La vicinanza di gozzoviglia a gozzo molto probabilmente è dovuta ancora una volta a rimotivazione. C’è allora
da capire quale fosse la forma originaria precedente alla rimotivazione. Vediamo le due ipotesi tra cui si è
incerti:
- la prima potrebbe essere dal latino *gaudibilia, derivato non attestato del verbo godere. A
sostegno di questa ipotesi c’è una variante godoviglia, un po’ più tarda rispetto a gozzoviglia.
- L’altra possibilità è il medio alto tedesco kurzewîle ‘passatempo, trattenimento, festivo’ che è
invece una parola con attestazione molto ampia e solida.
Di kurzewîle oltre trenta ricorrenze si trovano nel Canto dei Nibelunghi, notissimo poema in medio alto
tedesco composto intorno al 1200. Questo il contesto della prima ricorrenza.
wîle (tedesco moderno Weile) ‘tratto di tempo’, ‘momento’(cfr. weil cong. ‘poiché’)
la parola è all’origine anche dell’inglese while ‘tratto di tempo’, ‘momento’; congiunzione: while ‘mentre’
4. passiamo a incrinare, che si trova in una posizione opposta rispetto alle precedenti che sono
rimotivate. Questa parola non è rimotivata e il suo significato è proprio quello che sembra, però
sembrava troppo facile, per cui si è cercato altro.
1 fendere un oggetto fragile con una crepa sottile ma profonda: incrinare un vetro, uno specchio, una
terracotta.
2 (fig.) intaccare, compromettere, guastare: il loro comportamento sta incrinando i nostri rapporti
[comp. di in- e crena ‘spaccatura, fessura’, con sovrapposizione di inclinare - av. 1250]
[Zingarelli 2020]
Qualcuno in passato aveva pensato a ‘crine’ per la somiglianza con la fenditura che appare sulla superficie
dell’oggetto incrinato.

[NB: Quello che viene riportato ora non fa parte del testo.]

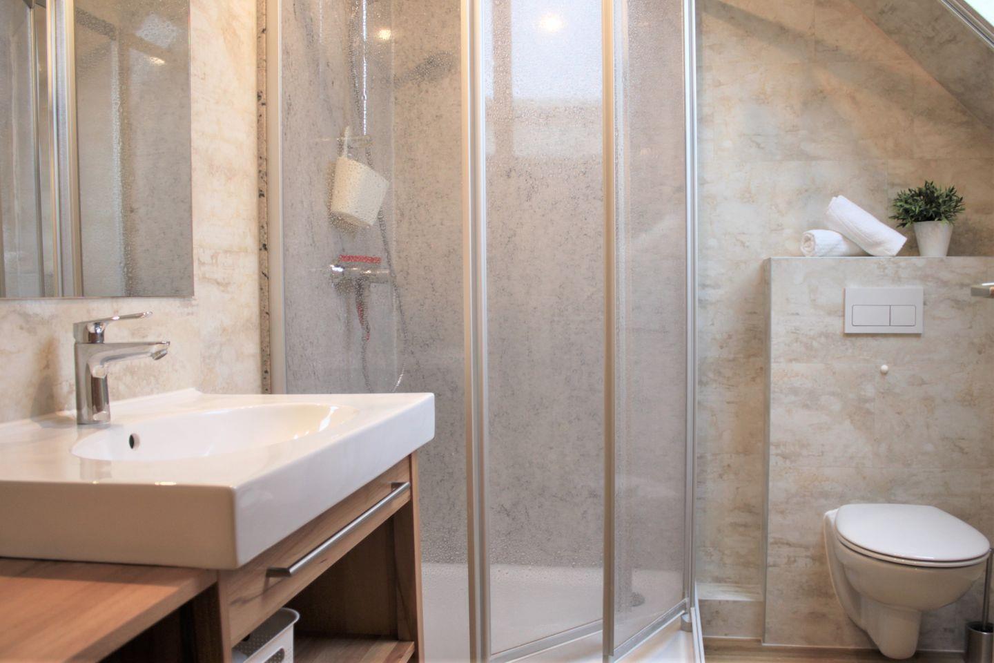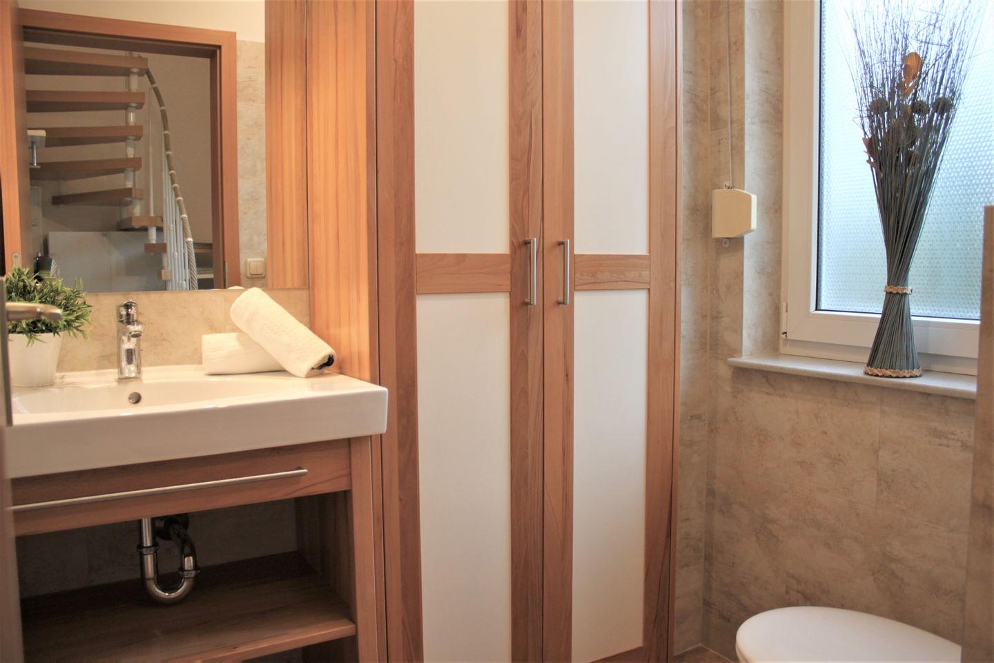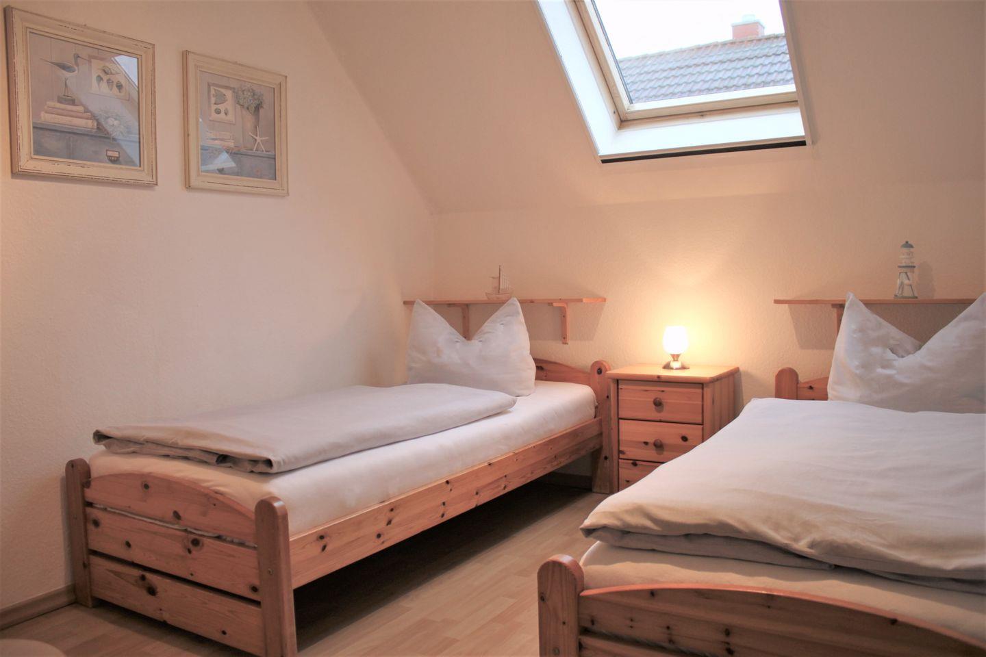 Zum Ferienhaus gehören außerdem zwei separate Schlafzimmer, die entweder mit einem Doppelbett oder zwei Einzelbetten ausgestattet sind. Des Weiteren steht Ihnen ein Bad mit Dusche und WC sowie ein zusätzliches Gäste-WC zur Verfügung.

A questa possibilità accenna anche un vocabolario etimologico italiano molto
invecchiato, che è il Pianigiani pubblicato nel 1907. In questo vocabolario si accenna a ‘crine’ però si fanno
confronti che paiono più scientifici, perché in latino sarebbe disponibile una base crena molto confacente
con significato di ‘incisione’ e con continuatori in francese cran e nei dialetti lombardi crena. Questa
etimologia risale a Napoleone Caix.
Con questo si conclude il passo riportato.